In fact, a true advisor does not stand on the sidelines of decision-making, nor does he become a false witness in administration. His role begins when management stops listening to itself and when the organization needs someone to hold a mirror up to it without distortion. He is not a shadow manager, nor is he an adversary to the executive management, but rather a thinking partner who operates with intellect not position, and with responsibility not self-interest.
One of the most significant positives of having a true advisor is that he lends strategic depth to decisions, reduces improvisation, exposes risks before they occur, and contributes to building an institutional culture based on accountability and learning. Additionally, he protects leadership from isolation and breaks the cycle of “groupthink” that often brings down major institutions. Conversely, the most dangerous risk that may accompany the presence of an advisor is his transformation into a burden if his independence is lost, into a tool for justification if he is subjected to authority, or into a source of disruption if he oversteps his role and interferes in implementation rather than providing guidance.
Upon closer examination, institutional history is full of examples that confirm this equation. Internationally, the Enron experience is a glaring example of the failure of the consulting and oversight system; numerous advisors were found, but they lacked independence and moral courage, resulting in the company collapsing under the weight of closed decisions and silent complicity. On the other hand, the IBM experience shows how explicit strategic consulting contributed to redirecting the company during its crises, when unpopular but necessary advice was given to save the operational model.
Regionally, some transformational experiences in Gulf energy and telecom companies reveal how an independent strategic advisor played a pivotal role in restructuring, building governance, and adjusting the relationship between the owner and management, when given the space to speak the truth. In contrast, other Arab institutions have clearly failed when the advisor became merely a formal figurehead or a political reward, resulting in high-cost, low-impact decisions.

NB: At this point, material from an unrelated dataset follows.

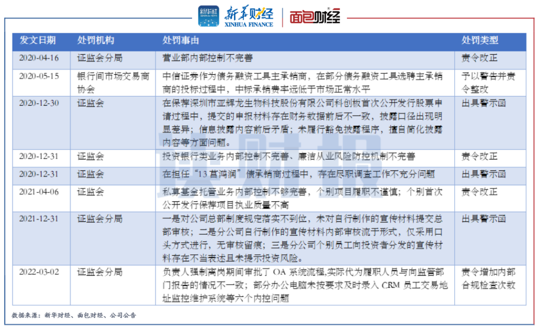 此外,2020年以來,“行業一哥”中信證券也多次受到來自證監會及其分局和銀行間市場交易商協會的監管處罰。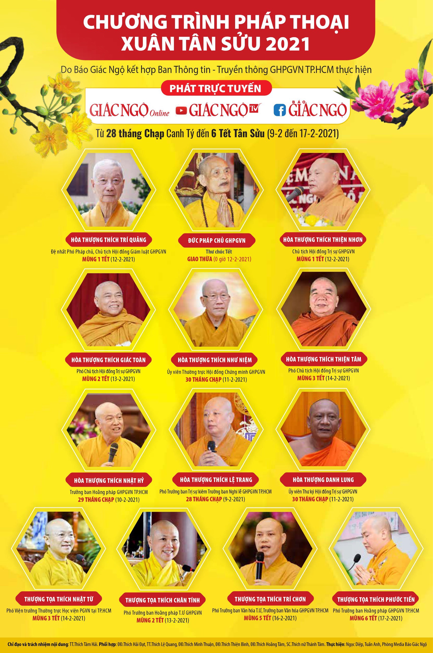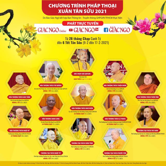 Theo đó, từ ngày 28 tháng Chạp năm Canh Tý đến mùng 6 Tết Tân Sửu (ngày 9 đến 17-2021) sẽ phát trực tuyến các thời pháp thoại của chư tôn đức Trưởng lão, quý Hòa thượng, Thượng tọa giảng sư.

In the Jordanian context, some national institutions have proven that true consulting yields results when linked to local knowledge and understanding of the context, not by copying ready-made models. Conversely, other institutions have struggled when the title “advisor” was used to rotate positions or absorb criticism, resulting in the absence of impact while the title remained.
Therefore, the true advisor is not one who pleases the administration, but one who protects the organization. He doesn’t write what is requested of him, but says what needs to be said at difficult times. He excels in choosing the moment, accuracy of expression, logical sequence of thoughts, and prioritizes the public interest over personal considerations. When the organization understands this role, and grants him independence and respect, the advisor transforms from an administrative cost into a strategic asset. However, when he is stripped of his meaning, he is nothing but a witness to a decline that could have been avoided.